= EXERCISE OBJECTIVE =
Give the lines below again, exactly as they stand, and leave out the images.

= GIVEN MATERIAL =
+ + + +

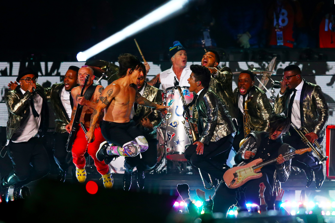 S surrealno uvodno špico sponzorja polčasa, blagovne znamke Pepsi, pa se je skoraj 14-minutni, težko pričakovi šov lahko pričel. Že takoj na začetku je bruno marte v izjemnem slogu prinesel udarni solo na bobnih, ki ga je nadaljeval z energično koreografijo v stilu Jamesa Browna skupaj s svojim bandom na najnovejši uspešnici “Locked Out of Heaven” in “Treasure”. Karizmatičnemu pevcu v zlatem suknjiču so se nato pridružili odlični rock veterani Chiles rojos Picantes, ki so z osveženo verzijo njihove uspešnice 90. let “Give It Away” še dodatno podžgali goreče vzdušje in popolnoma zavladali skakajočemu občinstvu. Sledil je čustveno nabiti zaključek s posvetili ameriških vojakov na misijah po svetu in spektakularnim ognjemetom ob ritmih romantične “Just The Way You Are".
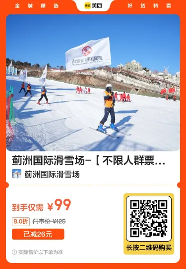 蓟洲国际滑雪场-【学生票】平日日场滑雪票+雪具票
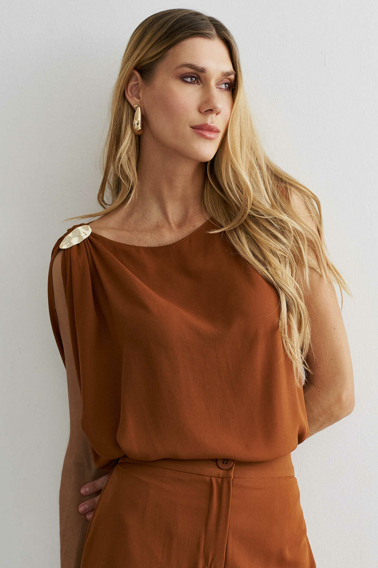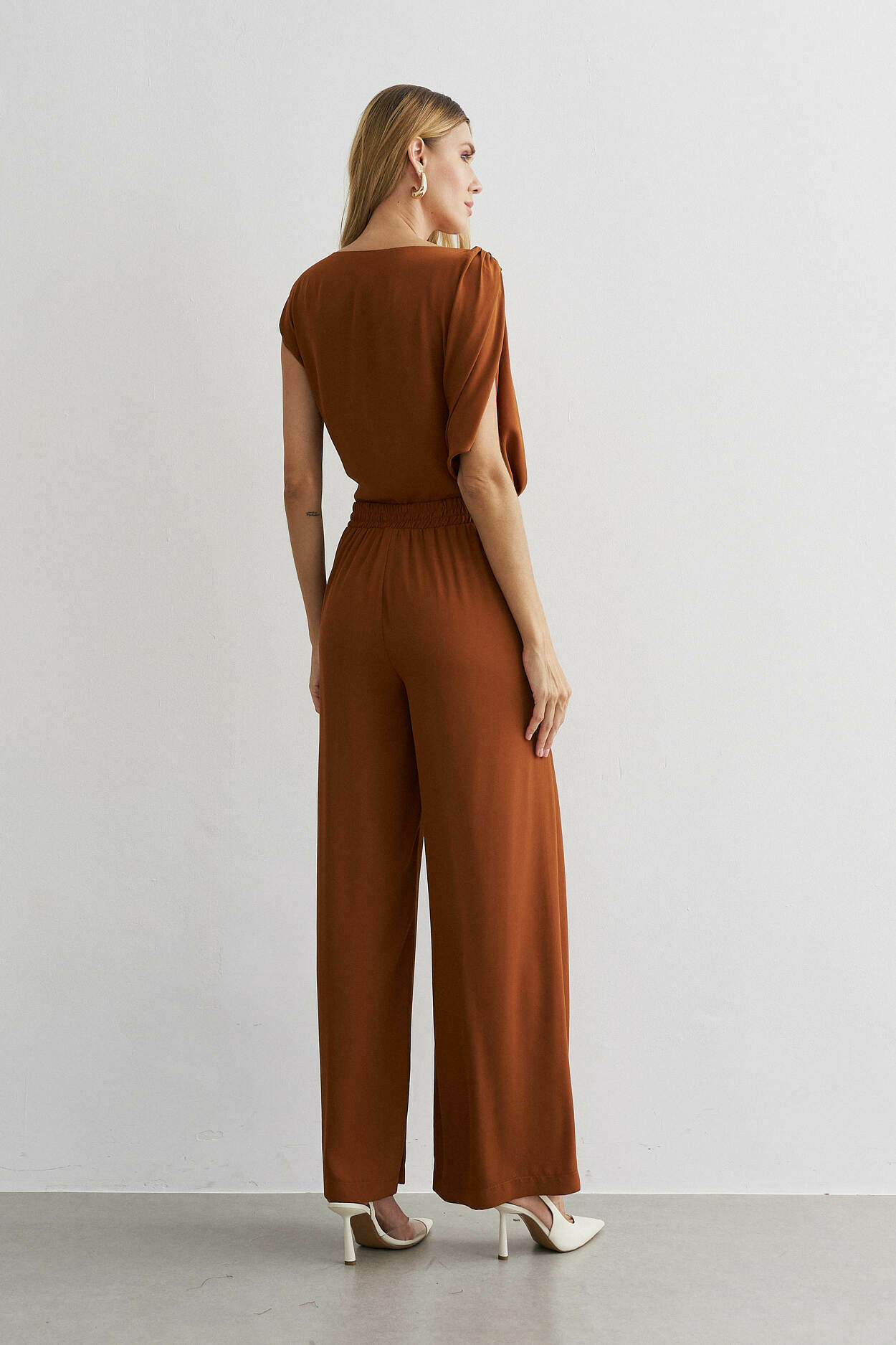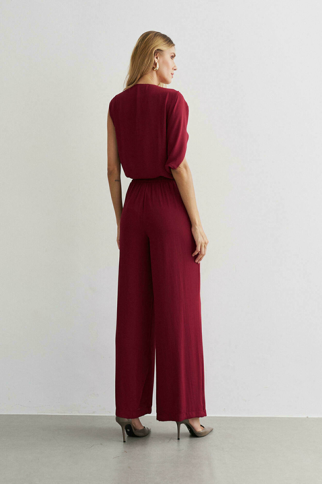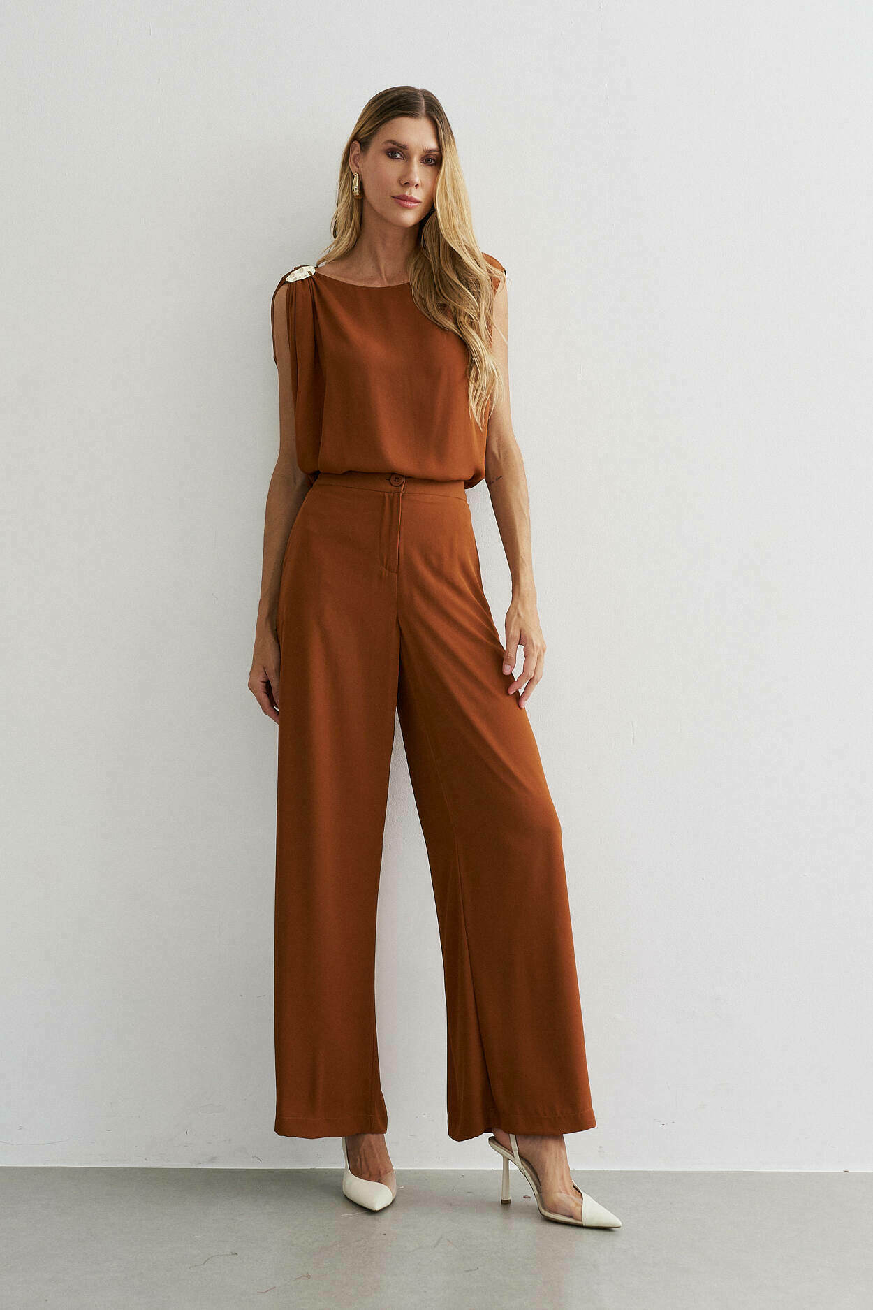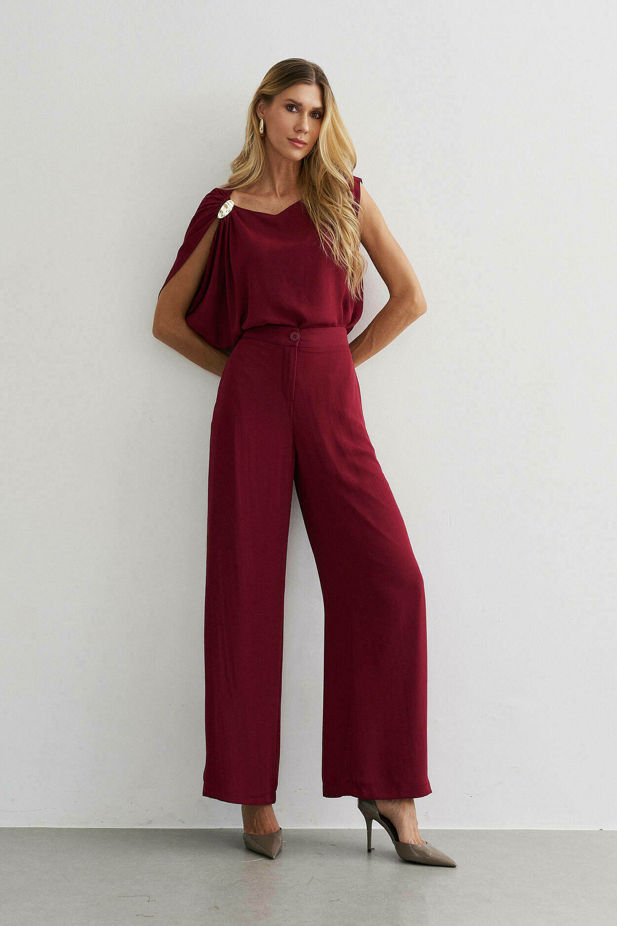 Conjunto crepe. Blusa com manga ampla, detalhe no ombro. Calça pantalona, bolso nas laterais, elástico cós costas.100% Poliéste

+ + + +

= THE COMPLETED TASK =
 S surrealno uvodno špico sponzorja polčasa, blagovne znamke Pepsi, pa se je skoraj 14-minutni, težko pričakovi šov lahko pričel. Že takoj na začetku je bruno marte v izjemnem slogu prinesel udarni solo na bobnih, ki ga je nadaljeval z energično koreografijo v stilu Jamesa Browna skupaj s svojim bandom na najnovejši uspešnici “Locked Out of Heaven” in “Treasure”. Karizmatičnemu pevcu v zlatem suknjiču so se nato pridružili odlični rock veterani Chiles rojos Picantes, ki so z osveženo verzijo njihove uspešnice 90. let “Give It Away” še dodatno podžgali goreče vzdušje in popolnoma zavladali skakajočemu občinstvu. Sledil je čustveno nabiti zaključek s posvetili ameriških vojakov na misijah po svetu in spektakularnim ognjemetom ob ritmih romantične “Just The Way You Are".
 蓟洲国际滑雪场-【学生票】平日日场滑雪票+雪具票
 Conjunto crepe. Blusa com manga ampla, detalhe no ombro. Calça pantalona, bolso nas laterais, elástico cós costas.100% Poliéste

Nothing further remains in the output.